环境:三台物理机,os均为ubuntu-18-04 LTS,hostname分别为tian-609-06、tian-609-07、tian-609-08。其中tian-609-06作为控制节点和计算节点,其他节点作为计算节点。
1、安装munge和slurm(所有机器)
sudo apt install munge slurm-wlm
2、配置/etc/slurm-llnl/slurm.conf文件(所有机器,配置一样)
# slurm.conf file generated by configurator easy.html.
# Put this file on all nodes of your cluster.

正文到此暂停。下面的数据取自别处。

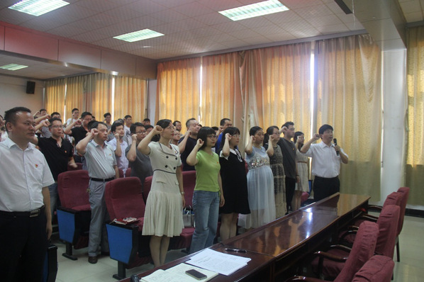 全体党员在党委书记周尔民的带领下重温入党誓词,众人铿锵有力的宣誓展示了全体党员争先的决心。誓词声落后,全体党员观看主题教育录像,深刻理解“不忘初心、牢记使命”的精神内涵,坚守育人理想信念的初心,不忘立德树人的根本使命,用实际行动做好教育工作。
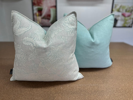 Amida Cushion | Peter Dunham Green Woven Fabric with Roll Over Edge
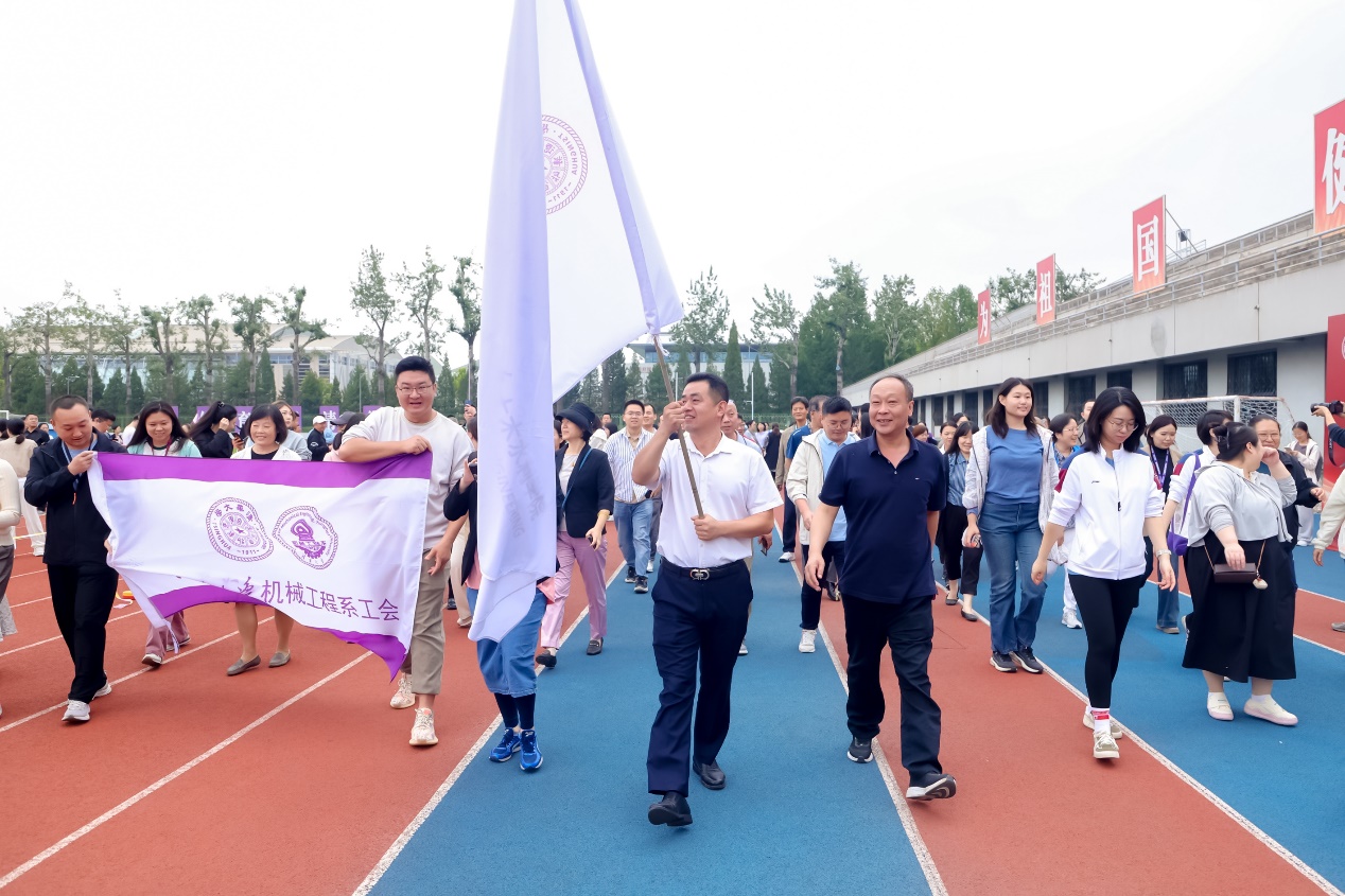 8xbet(中国)网10月12日电 9月26日,校工会组织全校教职工开展“迎国庆”校园健步走系列活动。校党委常务副书记、工会主席向波涛在东大操场为首批出发的教职工发令,并在终点处与教职工代表合影。
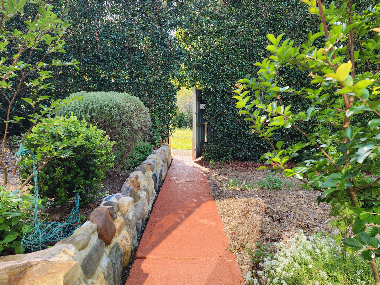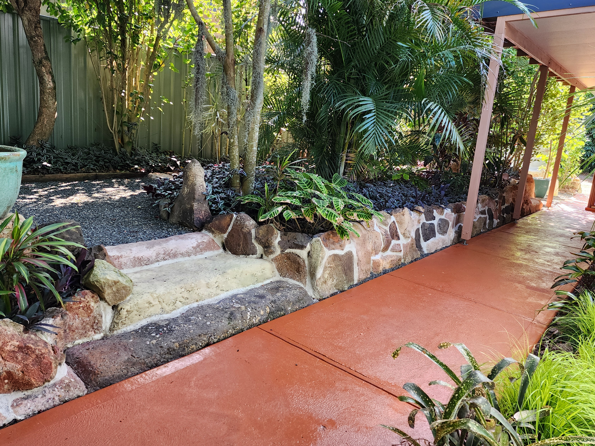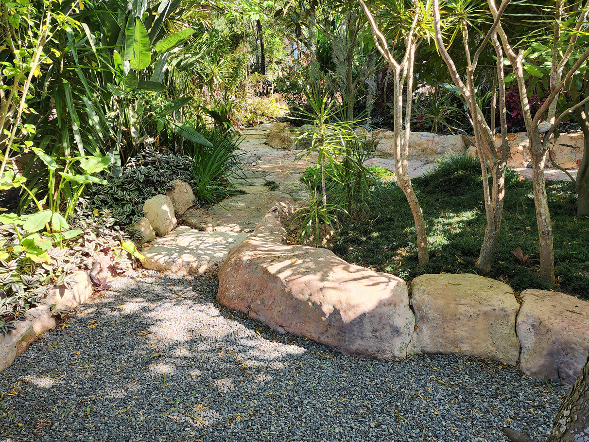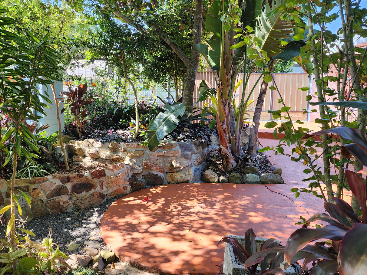 The fully landscaped garden's lush green textures are complimented by hibiscus, camelias and magnolias. There are numerous places to sit and relax under established shade trees.

# See the slurm.conf man page for more information.
#
ControlMachine=tian-609-06 #<YOUR-HOST-NAME>
#ControlAddr=
#
#MailProg=/bin/mail
MpiDefault=none
#MpiParams=ports=#-#
ProctrackType=proctrack/pgid
ReturnToService=1
SlurmctldPidFile=/var/run/slurm-llnl/slurmctld.pid
#SlurmctldPort=6817
SlurmdPidFile=/var/run/slurm-llnl/slurmd.pid
#SlurmdPort=6818
SlurmdSpoolDir=/var/lib/slurm-llnl/slurmd
SlurmUser=slurm
#SlurmdUser=root
StateSaveLocation=/var/lib/slurm-llnl/slurmctl